President Joe Biden nominated a federal prosecutor to serve as a U.S. district judge in Kansas, but that candidate has already withdrew from consideration, citing the nearly two-year delay in the nomination’s progress.
The second judicial nominee Biden has withdrawn this month is Jabari Wamble. Last week, attorney Michael Delaney withdrew his name from nomination for the Boston-based 1st U.S. Circuit Court of Appeals, handing the Democratic president a rare legal setback. Delaney’s candidacy was not forwarded to the full Senate for confirmation because he did not receive enough support from the Senate Judiciary Committee.
In a letter to Biden, Wamble stated that he was “humbled and honored by the faith you placed in me with this nomination,” but added that he was withdrawing from consideration for appointment to the Kansas U.S. District Court. “My path to this nomination began more than 18 months ago, and after careful thought and consideration I feel that it is best for me to continue my work at the United States Attorney’s Office in the District of Kansas,” he wrote in a letter dated Tuesday.
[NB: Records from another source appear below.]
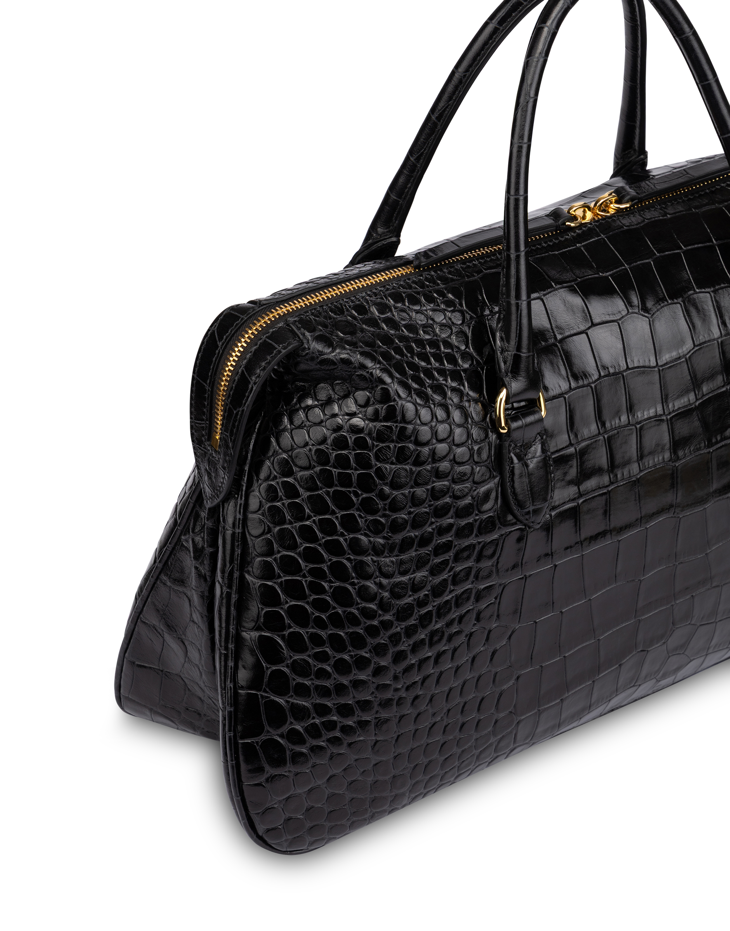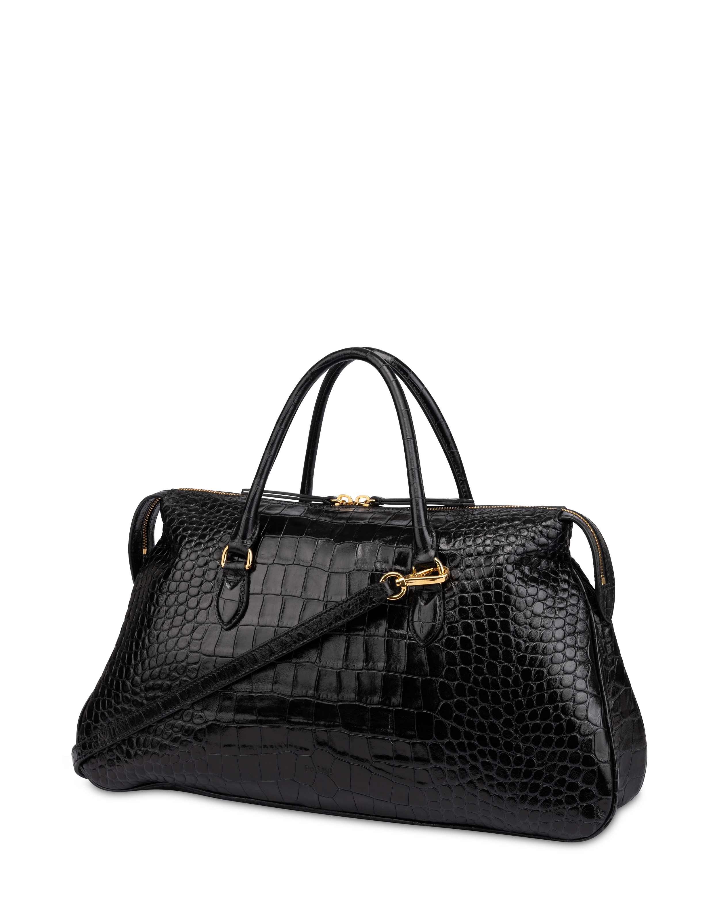 Eleganza strutturata e texture decisa. Questa borsa in vitello stampa cocco con riporti in pelle liscia è pensata per uno stile raffinato ma versatile. I manici tubolari ad abbattimento e la tracolla regolabile a scorrimento con gemelli garantiscono massima funzionalità. L’interno foderato, con tasca con zip e label logata in pelle, è completato da dettagli in galvanica gold che illuminano il design con discreta eleganza.
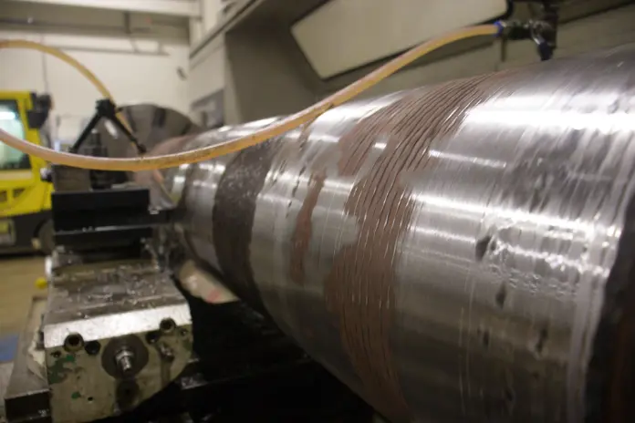 We machined down all existing wear and carbide on the OD of the roll until all cracking was removed as shown below.
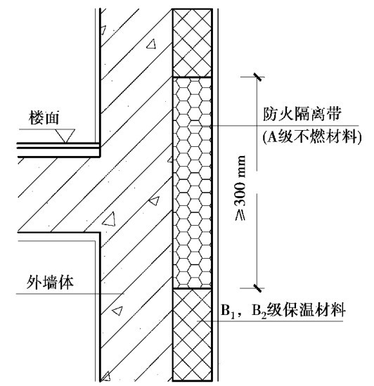 ②应在保温系统中,每层设置水平防火隔离带。 防火隔离带采用燃烧性能为A级的材料,防火隔离带的高度不应小于300mm(图13.39)。

On Wednesday, the White House declined to provide an explanation for Wamble’s resignation. The American Bar Association, which grades applicants for federal judgeships, is anticipated to give Wamble a “not qualified” label, according to an official familiar with his confirmation procedure. Wamble does not have a recognized rating from the ABA. The official discussed a private process under the condition of anonymity.
According to White House deputy press secretary Andrew Bates, Wamble is “a deeply qualified attorney who has served with distinction as a prosecutor at the state and federal level in Kansas, who received his undergraduate and law degrees from the University of Kansas, and who has dedicated his life to serving the people of Kansas.” Wamble is one of the nominees that Biden is proud of. Earlier in the Biden administration, Wamble was initially nominated to fill a seat on the circuit court, but the nomination lapsed before he could be confirmed by the Senate. Later, he received a nomination for Kansas’ district court position.
Wamble’s withdrawal was first reported by Politico. Federal judicial expert Carl Tobias, a law professor at the University of Richmond, said he was “puzzled” by the withdrawal. With more than ten years of experience working as an assistant U.S. attorney—often a step on the way to becoming a federal judge—Wamble seems well equipped, according to Tobias. It is confusing to me that Wamble was appointed to the federal bench despite the fact that many others with comparable qualifications had served in Republican and Democratic administrations.